3. Access, Affordability, and Reliability are the third indicators that are taken into consideration for the analysis. It measures the consistent efforts to raise the standard of economic activity and quality of life by improving the access, affordability, and reliability for energy. States with inadequate levels of infrastructure and constant outages hamper this particular indicator. A state's higher per capita consumption would mean better distribution policies are in place. This indicator provides a nuanced understanding of which states require more government scrutiny to improve their electricity distribution systems and employ better policies (F​a​r​b​e​r​,​ ​2​0​1​2; S​e​a​t​z​u​ ​&​ ​A​k​e​s​t​o​r​i​d​i​,​ ​2​0​2​3).
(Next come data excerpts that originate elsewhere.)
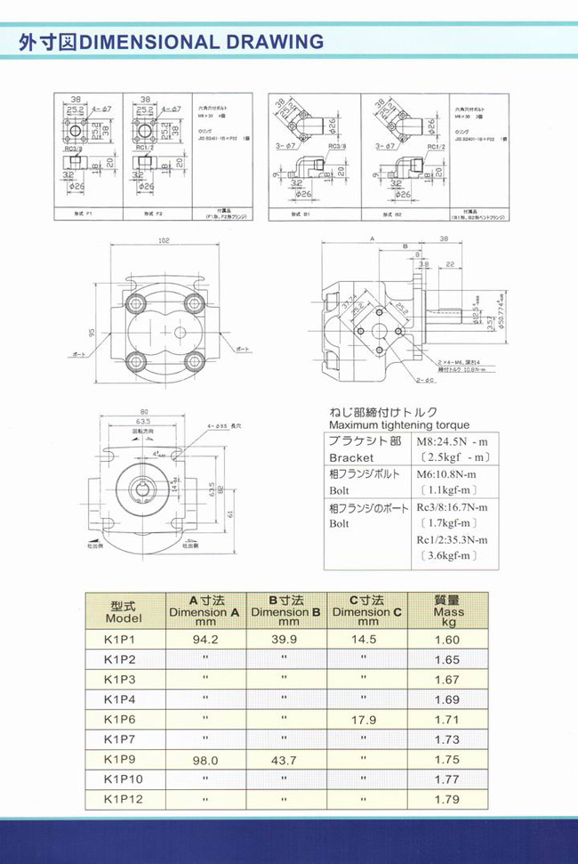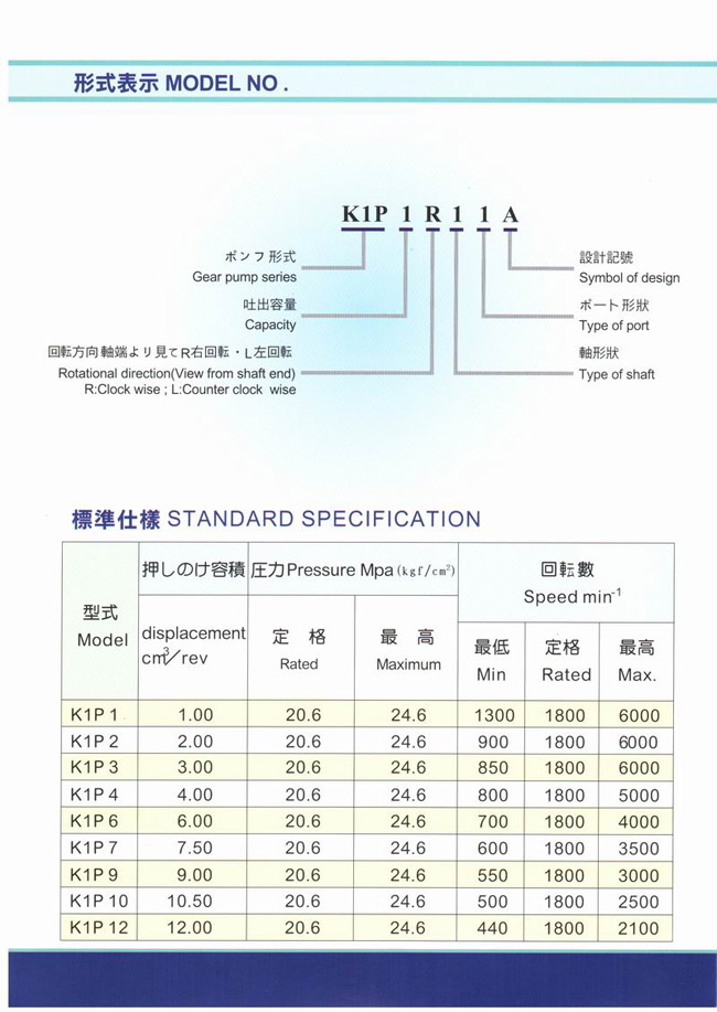 详情: 日本泵 日本NIHON SPEED齿轮泵 K1P系列
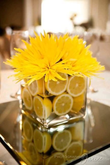 Hello les filles,Hier j'ai fait un test avec les vases qui seront au centre de la table (avec d'autres). Pour rester dans mon thème jaune et car j'adore le citron, on a coupé des rondelles et on les a mises au bord du vase. Cest une feuille rigide...
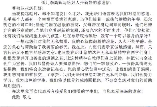 為表示對張新靜等人大代表的感謝,隨后,李高輝給張新靜寫了一封感謝信。信中,他表示,自己一定不辜負(fù)大家的期望,以后會更加努力學(xué)習(xí),回饋社會,回報大家?!八且粋€懂得感恩的孩子,讀了他的來信,我感到很欣慰。”張新靜說。
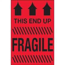 4 x 6" - "This End Up - Fragile" (Fluorescent Red) Labels
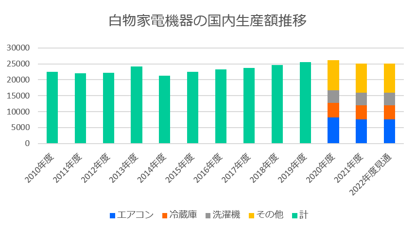 ただ、白物・生活家電の国内需要は買替需要が主体となっている為、コロナ後の出荷額は頭打ちになると予測されています。
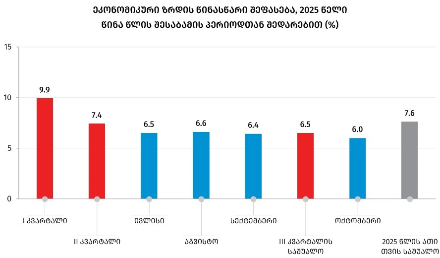 2025 წლის ოქტომბერში, წინა წლის შესაბამის პერიოდთან შედარებით, ზრდის მიმართულებით მნიშვნელოვანი წვლილი შეიტანა შემდეგმა დარგებმა: ინფორმაცია და კომუნიკაცია, ტრანსპორტი და დასაწყობება, საფინანსო და სადაზღვევო საქმიანობები და უძრავ ქონებასთან დაკავშირებული საქმიანობები.
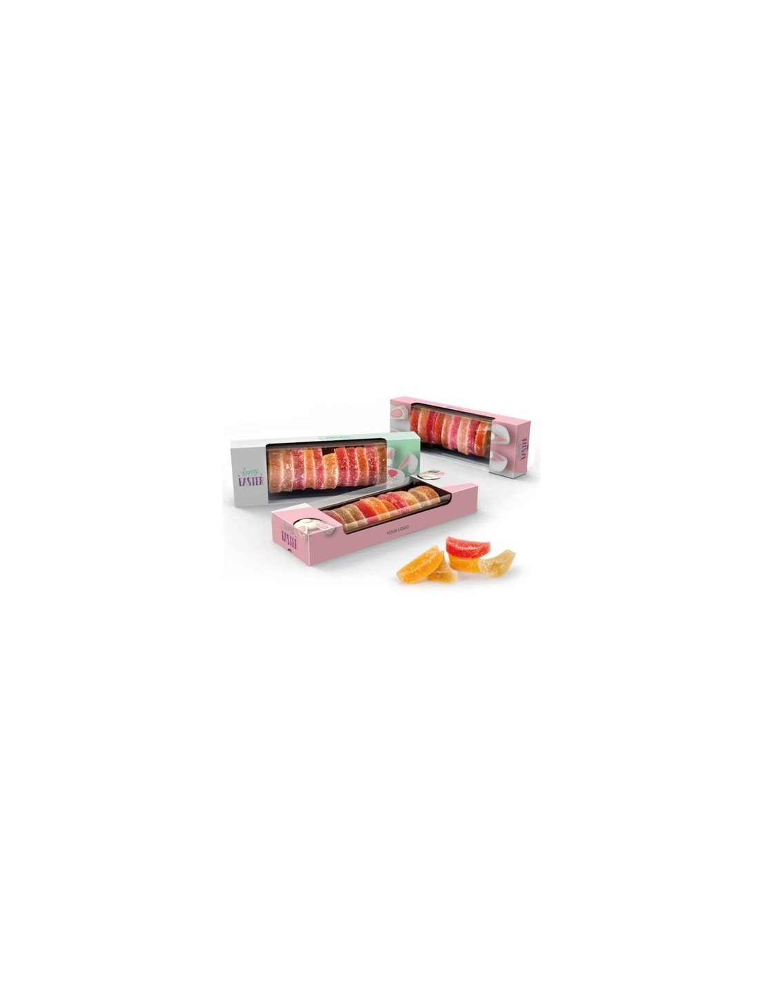 contenido : pasta de Frutas artesanales con azúcar (total 110 g).Saboro : mezcla : manzana, cereza, naranja, limón.Opciones de producto : papel blanco o kraft.Inforomación adicional : gelificante : pectine, moldeado en R-PET (PET reciclado), papel blanco de serie, papel kraft elección opcional.Dimensiones : 195 x 65 x 28 mm.Cantidad Mínimo : 100 ejemplares.Fecha de caducidad mínima : 4 meses.
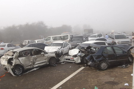 Damaged vehicles are seen after a pile-up during morning rush hour on the main motorway between Dubai and Abu Dhabi in the Ghantout area March 11, 2008. Three people were killed and 277 injured in the United Arab Emirates on Tuesday when dozens of cars and buses collided in thick fog in what could be the country's biggest traffic accident, police said. [Agencies]

4. Transmission and Distribution Losses are essential metrics to measure the robustness of EE systems. States being ranked low in this indicator would give the authorities an understanding of specific inadequacies and inefficiencies, including issues in the energy grid, outages, the need for investments in distribution infrastructure, and high-quality maintenance. On the contrary, states ranked high will directly point toward better systems, economies of scale, and provide a framework for other low-performing states to employ the same (J​a​g​t​a​p​ ​&​ ​K​h​a​t​o​d​,​ ​2​0​1​5).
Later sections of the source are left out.